[Extracted data entries]

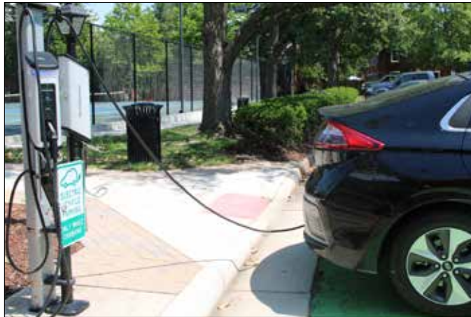
Electric car is hooked up at the charging station in the North Fairlington Community Center parking lot.

This will be a starting point for determining the location of new charging stations, along with any public hearings that the county could schedule in the coming year.
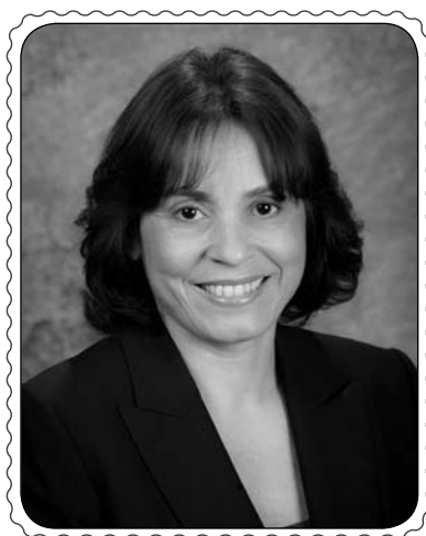
Winter Springs, Florida
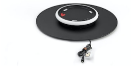
F0261030A Small base
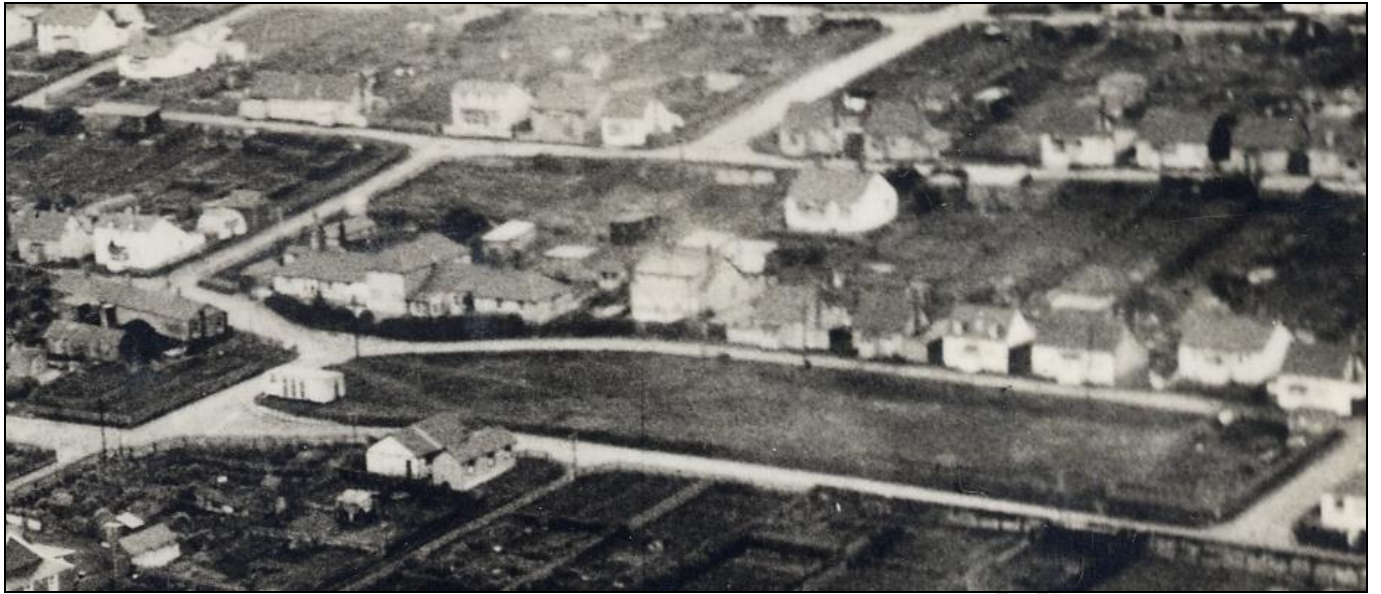
Late 1940s – First house from the right, top row
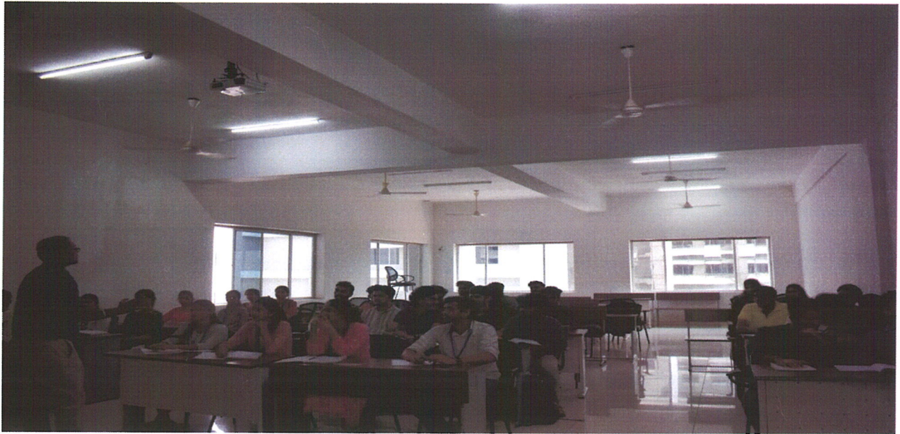
Fig. Team member is delivering the sessions.

(Approved by AICTE, New Delhi. Affiliated to Visveswaraya Technological University, Belagavi)
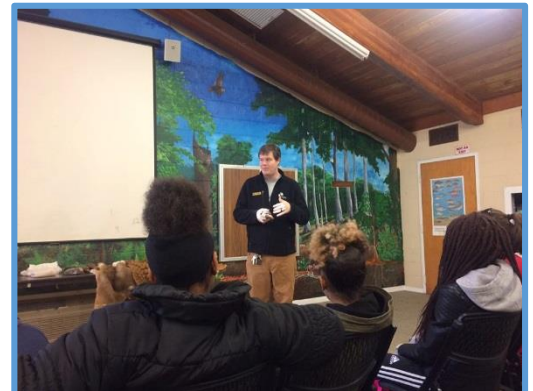
Naturalist at Potomac Overlook Regional Park speaks to students participating in the Saturday Environmental Academy.

U.S. Environmental Protection Agency EPA Region 3 Water Protection Division Philadelphia, PA
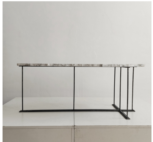
Table du collectionneur

Height : 40 cm Width : 100 cm Depth : 30 cm
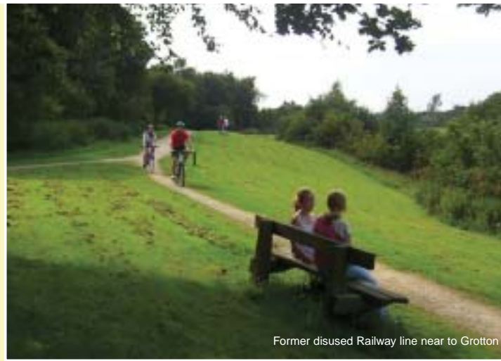
Former disused Railway line near to Grotton
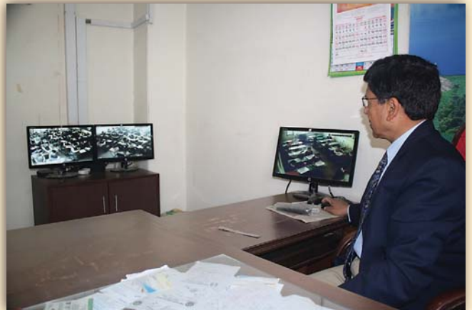
Class activities being monitored with help of CC cameras

School has a big and spacious ultra modern auditorium (capecity 1000) with full size stage for dramas, concerts and plays etc.
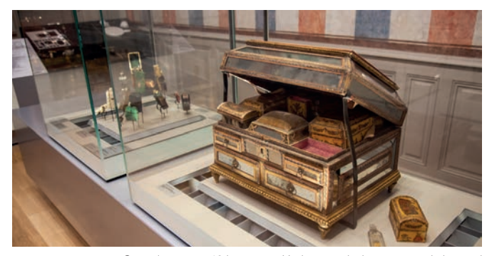
Grooming case – 18th century - Venice, wood, glass, carton, cloth, metal International Museum of Perfumery, inv. 94 48

Grasse wanted to be the first to found an International Museum of Perfumery, and the town put forward a well-researched scientific proposal, backed by a tenacious desire to see the project come to light.
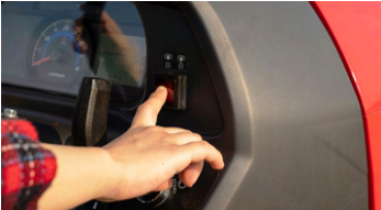
2. PTO on/off switch
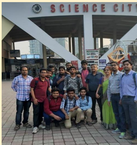
Visit to Science City

Directions
Output the records above exactly, leaving out pictures.

Reply to the task
Electric car is hooked up at the charging station in the North Fairlington Community Center parking lot.

This will be a starting point for determining the location of new charging stations, along with any public hearings that the county could schedule in the coming year.
Winter Springs, Florida
F0261030A Small base
Late 1940s – First house from the right, top row
Fig. Team member is delivering the sessions.

(Approved by AICTE, New Delhi. Affiliated to Visveswaraya Technological University, Belagavi)
Naturalist at Potomac Overlook Regional Park speaks to students participating in the Saturday Environmental Academy.

U.S. Environmental Protection Agency EPA Region 3 Water Protection Division Philadelphia, PA
Table du collectionneur

Height : 40 cm Width : 100 cm Depth : 30 cm
Former disused Railway line near to Grotton
Class activities being monitored with help of CC cameras

School has a big and spacious ultra modern auditorium (capecity 1000) with full size stage for dramas, concerts and plays etc.
Grooming case – 18th century - Venice, wood, glass, carton, cloth, metal International Museum of Perfumery, inv. 94 48

Grasse wanted to be the first to found an International Museum of Perfumery, and the town put forward a well-researched scientific proposal, backed by a tenacious desire to see the project come to light.
2. PTO on/off switch
Visit to Science City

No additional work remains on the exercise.